_PROMPT_:
Reproduce the listing below from the line with "Autumn Winter New" to the line with "TPshop 戴尔(DELL) U2417H", both lines included, character for character, minus any pictures.

_GIVEN DATA_:
+ + + +
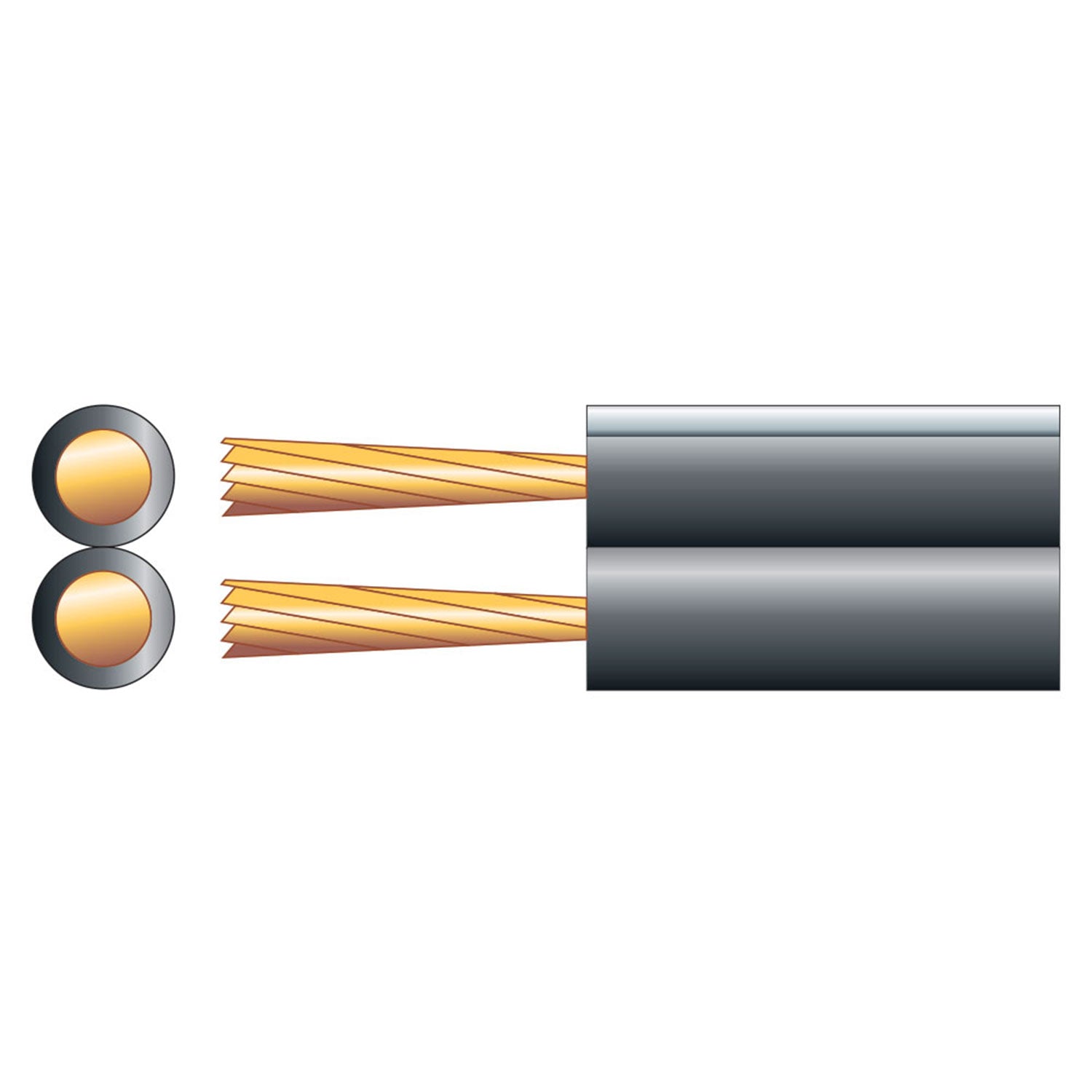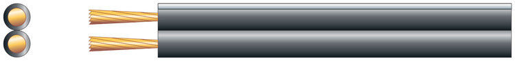 A range of flexible, standard speaker cable with a mix of solid copper and CCA conductors and a polarity line indicator.
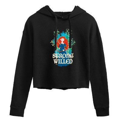 Women's Disney Merida Greatness Lies Within Cropped Graphic Hoodie - Black - Large
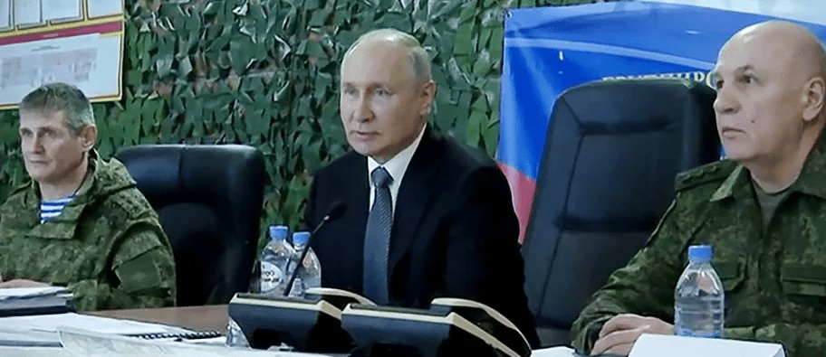 Le président Poutine lors d’une visite au quartier général du groupement tactique du Dniepr près du front de Kherson, le 18 avril. Tass a rapporté : « Lors de sa visite au quartier général du groupement tactique du Dniepr, près du front de Kherson, Vladimir Poutine a entendu les rapports du commandant des troupes aéroportées, le colonel général Mikhail Teplinsky [à gauche], du commandant du groupement tactique du Dniepr, le colonel général Oleg Makarevich [à droite], et d’autres commandants de terrain.
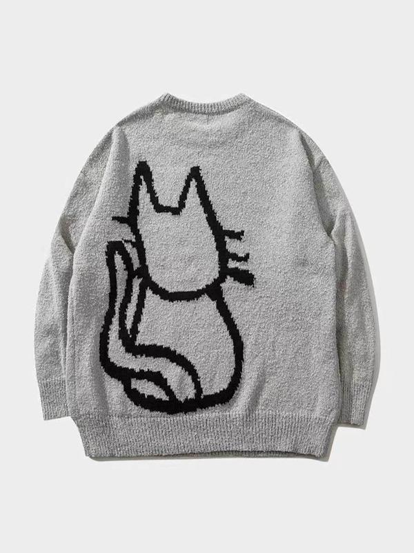 Autumn Winter New Cartoon Cat Pattern Long Sleeve Sweater Women's Small Design Retro Loose Knitted Shirt Lazy Style Round Neck Top
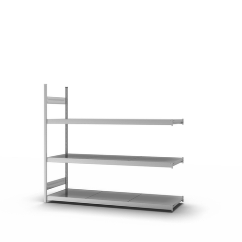de belangrijkste maten van de hofe breedvakstelling in één oogopslag:3 niveaus met Stalen bodem. vakhoogtes zijn afhankelijk van het doel en uw behoeften verstelbaar in stappen van 25 mm. gebruik tweezijdig - flexibele opstelling vrijstaand in de ruimte mogelijk. Door gegolfde verbindingsplaten in de diepterichting en stalen voetplaten staat de stelling zeer stevig. De profielafdekkappen bovenaan zorgen voor een nette afwerking. constructie van staal, staanders met corrosiebeschermende zinklaag, niveaus met corrosiebeschermende zinklaag,
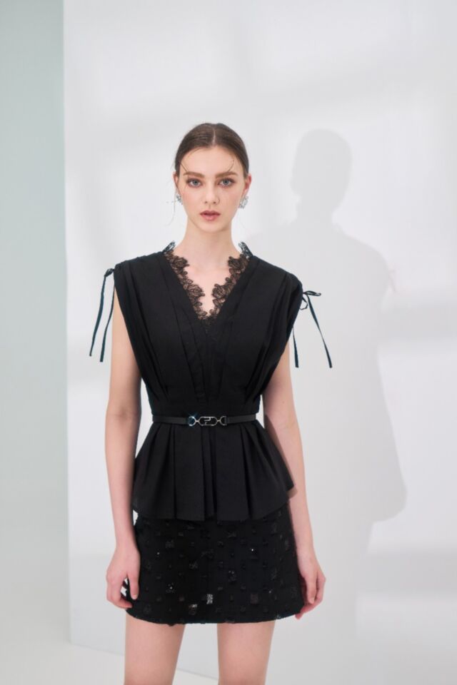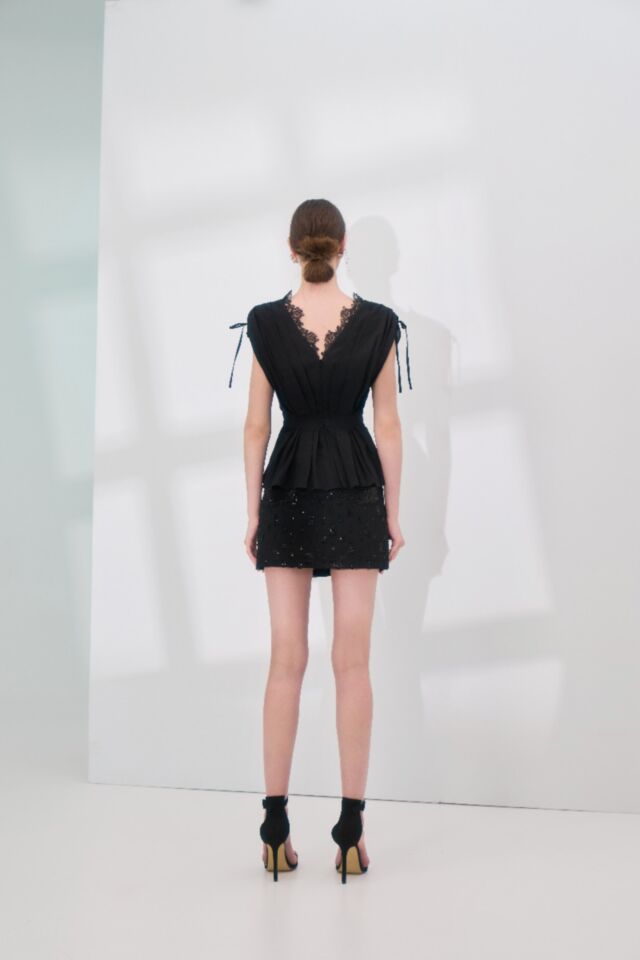 大小不一的亮片方格組合成的幾何牛仔面料, 保留方格的些微透膚感, 褲裙設計更舒適時髦
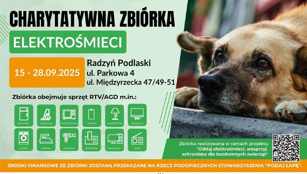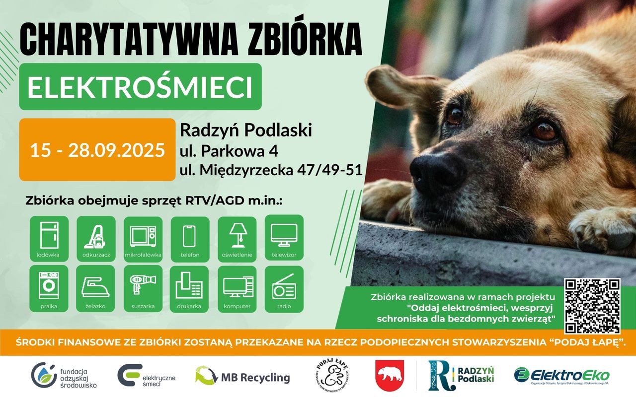 „Zbiórka dla podopiecznych Radzyńskiego Stowarzyszenia Na Rzecz Zwierząt „Podaj Łapę” to element ogólnopolskiego projektu pt. Oddaj elektrośmieci, wesprzyj schroniska dla bezdomnych zwierząt. Według raportu z maja ubiegłego roku, w Polsce w 2023 r. funkcjonowało 230 schronisk dla bezdomnych zwierząt, w których przebywało 81 778 psów i 35 391 kotów, a podstawowym wyzwaniem w utrzymaniu pozostają kwestie finansowe. Dlatego warto zrobić jesienne porządki i oddać zalegający, zużyty sprzęt elektryczny i elektroniczny w czasie zbiórki. W ten sposób chronimy siebie, swoich najbliższych i środowisko naturalne, ale także realnie pomagamy zwierzętom. Każdy kilogram elektrośmieci zamieniony zostanie na środki finansowe” - mówi Anna Podsiadło z ElektroEko Organizacji Odzysku Sprzętu Elektrycznego i Elektronicznego SA.
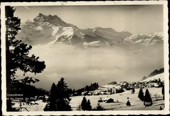 Ak Chesieres Kanton Waadt, Ort mit Umgebung im Winter
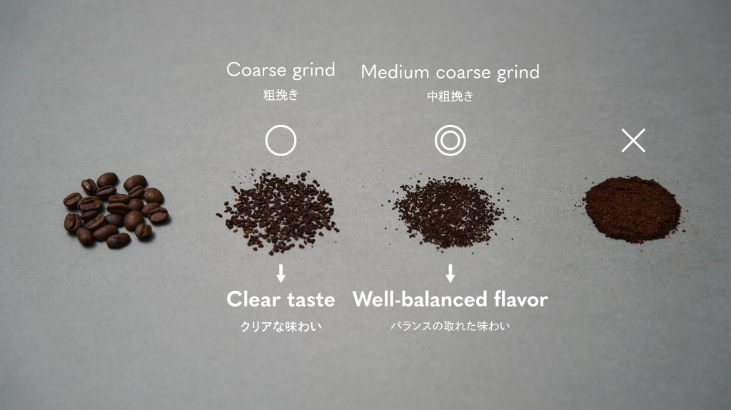 豆は中粗挽きのものを使用するのがおすすめです。バランスの取れた味わいを抽出できます。目詰まりしにくいため、お手入れもしやすく、よりコーヒーらしい香りを楽しむことができます。
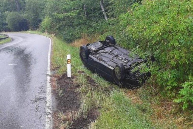 Nehoda u Nové Říše: Řidička dostala smyk na mokré vozovce a převrátila auto na střechu
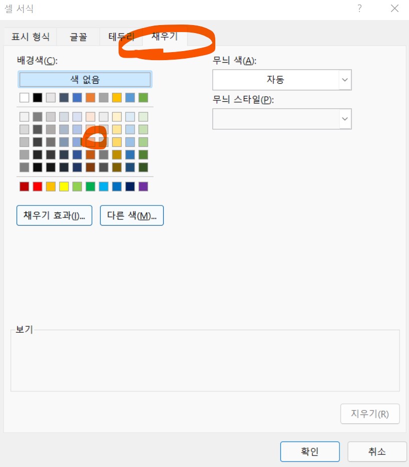 6. [서식]창에서 [채우기]를 클릭하고 원하는 색상을 선택한 뒤 [확인]을 누른다.
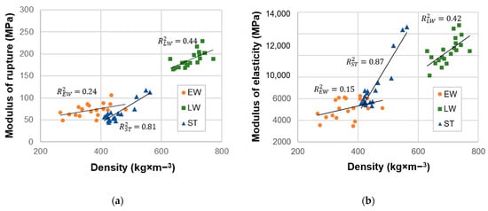 (a) The relationship between the density and modulus of rupture (MOR); (b) the relationship between the density and modulus of elasticity in bending (MOE) of yellow pine wood (EW—earlywood; LW—latewood; ST—standard samples).
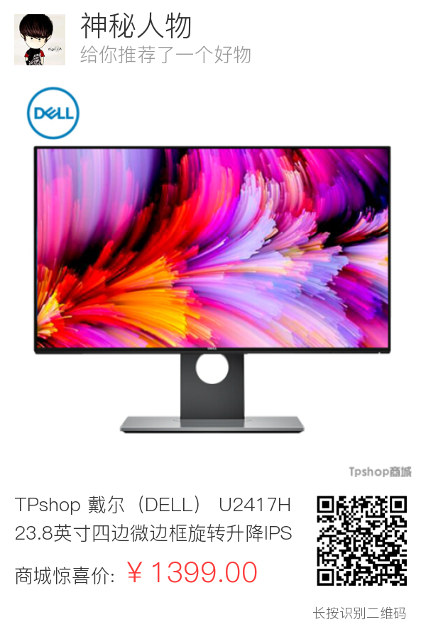 TPshop 戴尔(DELL) U2417H 23.8英寸四边微边框旋转升降IPS屏 出厂色彩校准 99%sRGB 电脑吃鸡显示器
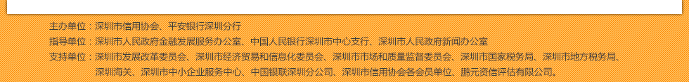 支持单位:深圳市发展改革委员会、深圳市经济贸易和信息化委员会、深圳市市场和质量监督委员会、深圳市国家税务局、深圳市地方税务局、深圳海关、深圳市中小企业服务中心、中国银联深圳分公司、深圳市信用协会各会员单位、鹏元资信评估有限公司。
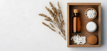 A neat arrangement features a brown bottle, white globules, and dried herbs in an elegant wooden tray. The background is solid and light, evoking serenity.
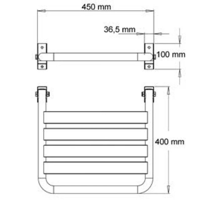 Виготовлене з нержавіючої сталі товщиною 1,7 мм, сидіння витримує навантаження до 120 кг, стійке до окислення й легко очищується. Компактний дизайн дозволяє економити простір, а відкидна конструкція робить використання максимально зручним.
+ + + +
_SOLUTION FOR THIS TASK_:
 Autumn Winter New Cartoon Cat Pattern Long Sleeve Sweater Women's Small Design Retro Loose Knitted Shirt Lazy Style Round Neck Top
de belangrijkste maten van de hofe breedvakstelling in één oogopslag:3 niveaus met Stalen bodem. vakhoogtes zijn afhankelijk van het doel en uw behoeften verstelbaar in stappen van 25 mm. gebruik tweezijdig - flexibele opstelling vrijstaand in de ruimte mogelijk. Door gegolfde verbindingsplaten in de diepterichting en stalen voetplaten staat de stelling zeer stevig. De profielafdekkappen bovenaan zorgen voor een nette afwerking. constructie van staal, staanders met corrosiebeschermende zinklaag, niveaus met corrosiebeschermende zinklaag,
 大小不一的亮片方格組合成的幾何牛仔面料, 保留方格的些微透膚感, 褲裙設計更舒適時髦
 „Zbiórka dla podopiecznych Radzyńskiego Stowarzyszenia Na Rzecz Zwierząt „Podaj Łapę” to element ogólnopolskiego projektu pt. Oddaj elektrośmieci, wesprzyj schroniska dla bezdomnych zwierząt. Według raportu z maja ubiegłego roku, w Polsce w 2023 r. funkcjonowało 230 schronisk dla bezdomnych zwierząt, w których przebywało 81 778 psów i 35 391 kotów, a podstawowym wyzwaniem w utrzymaniu pozostają kwestie finansowe. Dlatego warto zrobić jesienne porządki i oddać zalegający, zużyty sprzęt elektryczny i elektroniczny w czasie zbiórki. W ten sposób chronimy siebie, swoich najbliższych i środowisko naturalne, ale także realnie pomagamy zwierzętom. Każdy kilogram elektrośmieci zamieniony zostanie na środki finansowe” - mówi Anna Podsiadło z ElektroEko Organizacji Odzysku Sprzętu Elektrycznego i Elektronicznego SA.
 Ak Chesieres Kanton Waadt, Ort mit Umgebung im Winter
 豆は中粗挽きのものを使用するのがおすすめです。バランスの取れた味わいを抽出できます。目詰まりしにくいため、お手入れもしやすく、よりコーヒーらしい香りを楽しむことができます。
 Nehoda u Nové Říše: Řidička dostala smyk na mokré vozovce a převrátila auto na střechu
 6. [서식]창에서 [채우기]를 클릭하고 원하는 색상을 선택한 뒤 [확인]을 누른다.
 (a) The relationship between the density and modulus of rupture (MOR); (b) the relationship between the density and modulus of elasticity in bending (MOE) of yellow pine wood (EW—earlywood; LW—latewood; ST—standard samples).
 TPshop 戴尔(DELL) U2417H 23.8英寸四边微边框旋转升降IPS屏 出厂色彩校准 99%sRGB 电脑吃鸡显示器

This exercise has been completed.